Change 725005 had a related patch set uploaded (by Giuseppe Lavagetto; author: Giuseppe Lavagetto):

[operations/docker-images/production-images@master] Add rsyslog image

https://gerrit.wikimedia.org/r/725005

gerritbot added a project: Patch-For-Review.Sep 30 2021, 1:33 PM

After much deliberation, @akosiaris and I decided we'll try to go the following way:

Install an rsyslogd sidecar that will be used by mediawiki for relaying logs to kafka
Use the same rsyslogd for capturing php-fpm logs and logs generated by php-wmerrors (still unsure if we will just use a unix socket for that or if we might be able to write to udp too
Possibly use this rsyslogd to also funnel the apache logs to a specific kafka topic; although keeping the apache logs to go to stdout and configure rsyslog on the physical node to direct those to that kafka topic is also a possibility

Change 725892 had a related patch set uploaded (by Giuseppe Lavagetto; author: Giuseppe Lavagetto):

[operations/deployment-charts@master] mediawiki: Add rsyslog sidecar

https://gerrit.wikimedia.org/r/725892

Change 725005 merged by Giuseppe Lavagetto:

[operations/docker-images/production-images@master] Add rsyslog image

https://gerrit.wikimedia.org/r/725005

Change 725892 merged by jenkins-bot:

[operations/deployment-charts@master] mediawiki: Add rsyslog sidecar

https://gerrit.wikimedia.org/r/725892

Change 730967 had a related patch set uploaded (by Giuseppe Lavagetto; author: Giuseppe Lavagetto):

[operations/puppet@production] kubernetes::deployment_server::mediawiki: add logging configuration

https://gerrit.wikimedia.org/r/730967

Change 730967 merged by Giuseppe Lavagetto:

[operations/puppet@production] kubernetes::deployment_server::mediawiki: add logging configuration

https://gerrit.wikimedia.org/r/730967

Joe updated the task description. (Show Details)Oct 20 2021, 7:16 AM

The php-fpm logs are output to stderr, which goes to logstash at the moment using the physical node rsyslog, but it's under a different set of labels, and to have a simple way to select them, we would need to use a static name for the mediawiki container (which isn't a bad idea overall).
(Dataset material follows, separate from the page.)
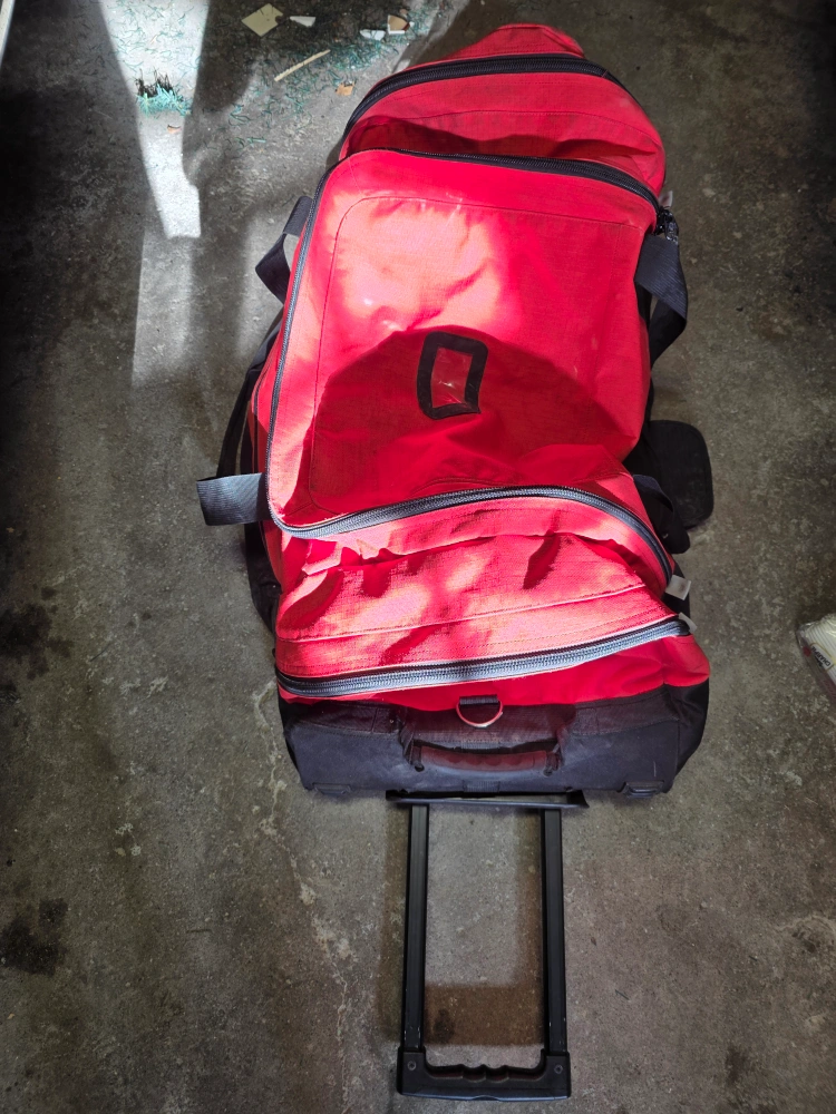 Large rolling duffle bag. Red and black colour scheme. Multiple zippered compartments. Wheels and retractable handle. Shows signs of wear.

We also have another problem: how to treat and collect php slow logs. Right now I'm sending them to stderr but that gets us a lot of noise and broken logging on logstash.

One possible solution to all of our problems would be:

let php-fpm log to two files, both in the same /var/log/php-fpm directory
Mount that directory as an emptydir volume in both the mediawiki and the rsyslog container
Have rules in rsyslog to process those files separately
Modify php-fatal-error.php for kubernetes to send its data to the udp port 10514, like monolog does

In T288851#7443633, @Joe wrote:

One possible solution to all of our problems would be:

let php-fpm log to two files, both in the same /var/log/php-fpm directory

Mount that directory as an emptydir volume in both the mediawiki and the rsyslog container

Have rules in rsyslog to process those files separately

Modify php-fatal-error.php for kubernetes to send its data to the udp port 10514, like monolog does

I think this is a good idea on how to improve this situation.

We also have another problem: how to treat and collect php slow logs. Right now I'm sending them to stderr but that gets us a lot of noise and broken logging on logstash.

Those are also not structured logs, but rather a mess. Is the approach also meant to give them structure or just to fix the issue with the set of labels?

In T288851#7444291, @akosiaris wrote:

We also have another problem: how to treat and collect php slow logs. Right now I'm sending them to stderr but that gets us a lot of noise and broken logging on logstash.

Those are also not structured logs, but rather a mess. Is the approach also meant to give them structure or just to fix the issue with the set of labels?

I looked for solutions, and at the very least we can collect the full trace in a single log message on logstash using rsyslog rules for their file. We can elaborate from there on how much structure we want to extract from them.

Right now even just getting a full sstack trace in a single log message doesn't happen.

We can probably define a structure for them but I'm not really an rsyslog expert and I'll have to look into how much we can extract.

In T288851#7443633, @Joe wrote:

The php-fpm logs are output to stderr, which goes to logstash at the moment using the physical node rsyslog, but it's under a different set of labels, and to have a simple way to select them, we would need to use a static name for the mediawiki container (which isn't a bad idea overall).

We also have another problem: how to treat and collect php slow logs. Right now I'm sending them to stderr but that gets us a lot of noise and broken logging on logstash.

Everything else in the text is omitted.